Britain’s currency dropped the most in two weeks versus the euro after Bank of England Governor Mark Carney said yesterday policy makers won’t consider raising interest rates until the economic recovery is assured. U.K. government bonds were little changed as Debt Management Office sold 4 billion pounds ($6.47 billion) of the securities at an auction. Reports today showed U.K. service industries expanded and house prices rose.
“The pound is toppish at these levels,” said John Hardy, head of foreign-exchange strategy at Saxo Bank A/S in Copenhagen. “There’s nothing different in the U.K. story. It’s just risen about as far as it can on the news we’ve had. I don’t think it will move massively lower soon, but it probably won’t continue to rally.”
The pound dropped 0.4 percent to $1.6164 at 4:33 p.m. London time after rising to $1.6260 on Oct. 1, the highest level since Jan. 2. The U.K. currency weakened 0.7 percent to 84.31 pence per euro, the biggest decline since Sept. 19.
Sterling has strengthened 6.9 percent in the past six months, the best performer of 10 developed-nation currencies tracked by Bloomberg Correlation-Weighted Indexes. The euro rose 6 percent and the dollar slid 0.7 percent.
Bank of England policy makers, who meet next week, have said they will keep interest rates at a record low of 0.5 percent at least until unemployment drops to 7 percent.
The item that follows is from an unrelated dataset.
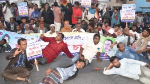 দলীয় কর্মীরা প্রায় এক ঘণ্টা ধরে মিছিল, স্লোগান ও অবস্থান কর্মসূচি পালন করেন। এরপর তারা সড়কের মাঝখানে শুয়ে বসে প্রতিবাদ জানান।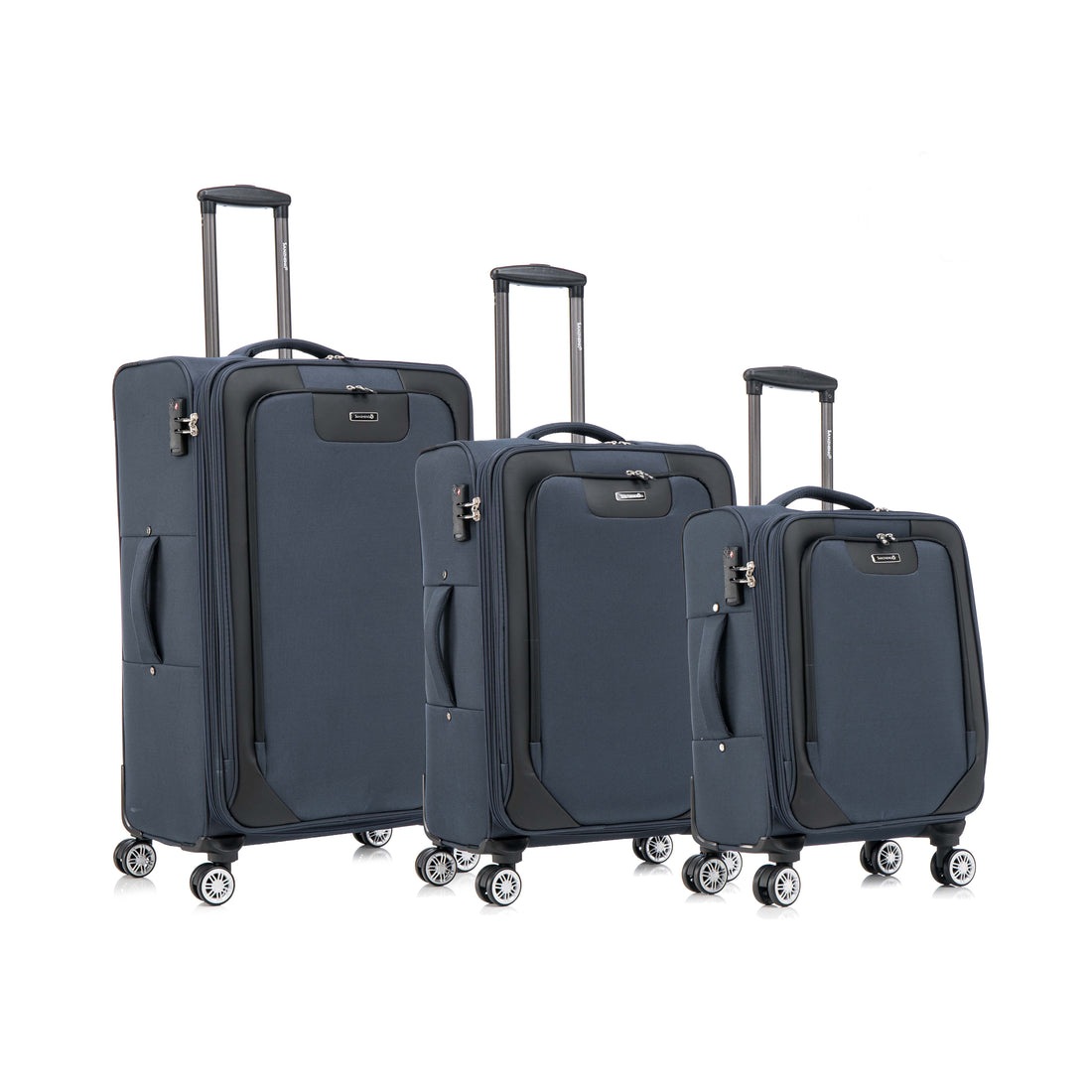 Name: 3-piece fabric soft luggage set with swivel wheels and password lock, dark blue, 20/26/30...

The jobless rate was 7.7 percent in the second quarter, the Office for National Statistics said Sept. 11.
“We’re not going to begin to think about raising interest rates or tightening monetary policy until we see the conditions in the economy where the economy is really growing,” Carney said in an interview with ITV Anglia broadcast yesterday.
A gauge of services activity based on a survey of purchasing managers was at 60.3 last month after increasing to an almost seven-year high of 60.5 in August, Markit Economics said in London. House prices climbed 0.3 percent in September, matching the result in August, which was revised down from 0.4 percent, according to Halifax, the mortgage unit of Lloyds Banking Group Plc.
“Investors had been buying sterling as the data proved to be supportive,” said Jeremy Stretch, head of currency strategy at Canadian Imperial Bank of Commerce in London. “The question now is how long can that last?”
The benchmark 10-year gilt yield was at 2.70 percent after falling to 2.67 percent on Sept. 30, the lowest level since Aug. 27. The price of the 2.25 percent bond maturing in September 2023 was 96.125.
The Debt Management Office sold 10-year gilts at an average yield of 2.742 percent, down from 2.976 at the previous auction on Sept. 12. Investors submitted bids for 1.84 times the amount sold, versus 1.59 last month.
Gilts lost 2.8 percent this year through yesterday, according to Bloomberg World Bond Indexes. German bunds dropped 1.6 percent and Treasuries fell 2.4 percent.